To do
Could the lines from the line bearing "西門子能源股票在法蘭克福證券" to the end of the records below be copied exactly, with the pictures left out and no other lines added?

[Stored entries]

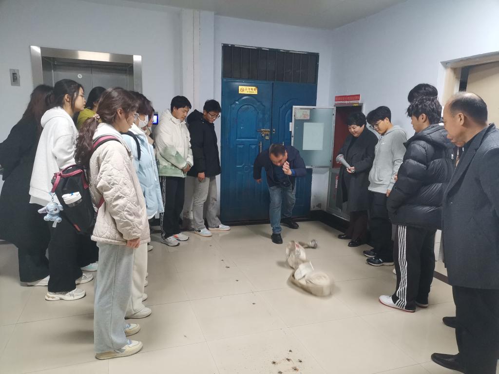 接着,大家来到了消防器材实操演练场地。保卫处消防员为学生代表们现场演示了灭火器、消火栓等常用消防器材的正确使用方法,并详细讲解了在火灾发生时的应急处理流程和逃生技巧。在消防员的指导下,学生代表们纷纷上手,亲自体验了使用灭火器灭火的过程,切实掌握了消防器材的操作技能。
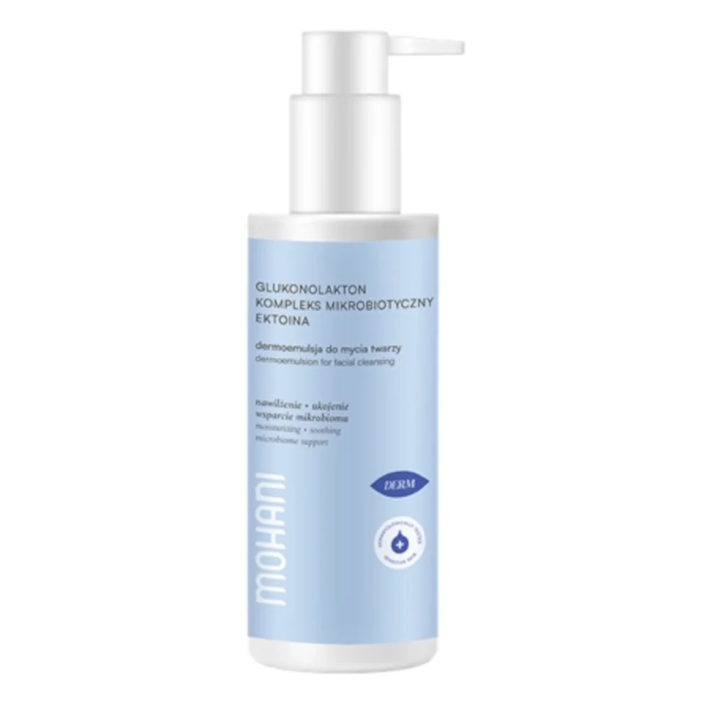 Mohani Derm, dermoemulsja do mycia twarzy to produkt kosmetyczny, którego formuła łączy działanie oczyszczające z właściwościami pielęgnacyjnymi, dostosowaną do wrażliwej i skłonnej do podrażnień skóry. Preparat jest stworzony z myślą o codziennym stosowaniu, eliminując zanieczyszczenia, nadmiar sebum oraz pozostałości po makjażu. Zawiera składniki, które wspierają naturalną barierę hydrolipidową skóry.
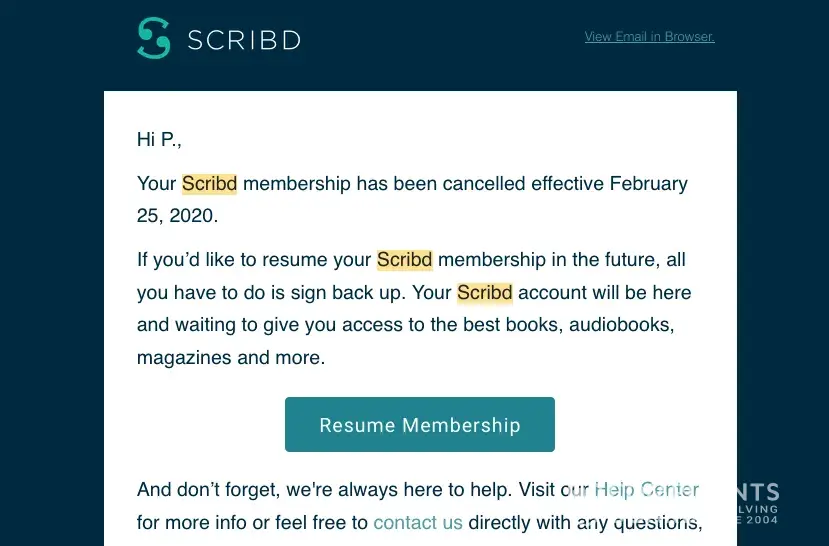 I recently noticed my Scribd subscription was not cancelled and Scribd has been charging me for a year despite sending me an email confirmation that my account was closed.
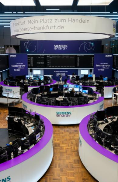 西門子能源股票在法蘭克福證券交易所監(jiān)管市場(高級(jí)市場)交易,交易代碼為ENR,國際證券識(shí)別碼為DE000ENER6Y0,德國證券識(shí)別碼為ENER6Y。
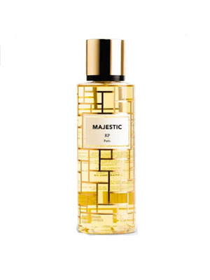 Пленительный цветочно-фруктовый эликсир RP Parfums Majestic приглашает вас в Канны, где перед вами распахнуться двери отеля «пять звезд». Он похож на роскошный восточный дворец. Даже название легендарного отеля активизирует воображение. Сегодня он олицетворяет элегантность и комфорт. Пирамида очаровывает спелыми фруктами и вихрем цветочных лепестков. Парфюмер «приготовил» лакомство из медового персика, томленного в сиропе. В бокале – пьянящее красное вино для настроения. В десертной сервировке предусмотрены шарики ванильного мороженого, щедро политые вареньем из терпкой черной смородины. Плюс – ароматная, истекающая соком малина. Парфюмер добавил одновременно ягодки и листочки в засахаренном виде. Белоснежные колокольчики ландыша тоже усыпаны крупинками сахара. Экзотическая маракуйя манит на тропический остров, где царят веселье и свобода. Спелые персики такие сочные, что, если посмотреть на солнце, сквозь бархатный камзол можно увидеть косточку. В шлейфе – карамельные пачули, грушевый сидр и облачко мягкой ванили.

Response to this task
 西門子能源股票在法蘭克福證券交易所監(jiān)管市場(高級(jí)市場)交易,交易代碼為ENR,國際證券識(shí)別碼為DE000ENER6Y0,德國證券識(shí)別碼為ENER6Y。
 Пленительный цветочно-фруктовый эликсир RP Parfums Majestic приглашает вас в Канны, где перед вами распахнуться двери отеля «пять звезд». Он похож на роскошный восточный дворец. Даже название легендарного отеля активизирует воображение. Сегодня он олицетворяет элегантность и комфорт. Пирамида очаровывает спелыми фруктами и вихрем цветочных лепестков. Парфюмер «приготовил» лакомство из медового персика, томленного в сиропе. В бокале – пьянящее красное вино для настроения. В десертной сервировке предусмотрены шарики ванильного мороженого, щедро политые вареньем из терпкой черной смородины. Плюс – ароматная, истекающая соком малина. Парфюмер добавил одновременно ягодки и листочки в засахаренном виде. Белоснежные колокольчики ландыша тоже усыпаны крупинками сахара. Экзотическая маракуйя манит на тропический остров, где царят веселье и свобода. Спелые персики такие сочные, что, если посмотреть на солнце, сквозь бархатный камзол можно увидеть косточку. В шлейфе – карамельные пачули, грушевый сидр и облачко мягкой ванили.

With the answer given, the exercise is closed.